I appreciate it! The extra detail is great though, but listing the questions makes life much easier 🙏
If it's possible/easy to abstract away the env-var-reading, so we can test the underlying function (which can then be passed an env var, static string, whatever), then that would be great. We don't need to test whether env-vars are read OK. I'd like to rework what we already have with env-vars to do this as well.
Definitely ok! So long as they're small (I checked, they're OK). My only concerns with this are when people add huge test artifacts.

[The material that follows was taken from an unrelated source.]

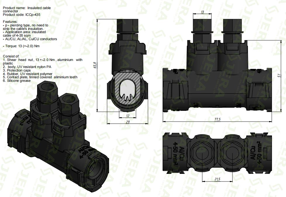 The pre-insulated cable connector is under Research and Design RnD by Jera Line, who has direct factory in China with organized production process, it consists of the following main part:
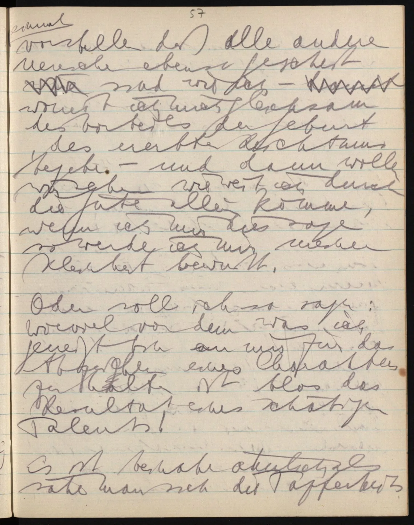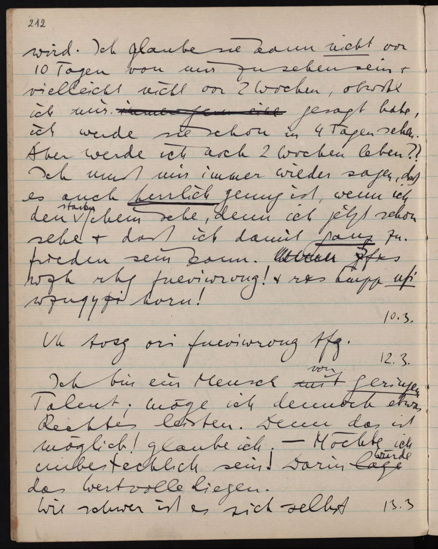 12.03.1937 Ich bin ein Mensch von geringem Talent; möge ich dennoch etwas Rechtes leisten. Denn das ist möglich! glaube ich. – Möchte ich unbestechlich sein! Darin würde das Wertvolle liegen.

Short answer: Yes, this is fine. I'm happy to move forward without f128/whatever. Long answer: It's... almost certainly fine. Sync as is the default now depends on timestamps (why did I do this 🙃). If there are too many history records with the same timestamp, sync will not complete properly. This is because the Postgres timestamp type "only` has microsecond precision, not nanosecond. If an entire "page" of history has the same timestamp (when converted nano -> micro), then it won't work correctly. This would only happen if we end up with >1000 history items that occured in the same microsecond. In real life, this doesn't happen. It can only happen if an importer imports history incorrectly, or with the wrong assumptions. I really don't see this happening due to a loss of precision. Even if it does, v18 is going to be releasing both this + a new version of sync (opt in), without this limitation. So it's very unlikely to be an issue, and if it is, we have a workaround.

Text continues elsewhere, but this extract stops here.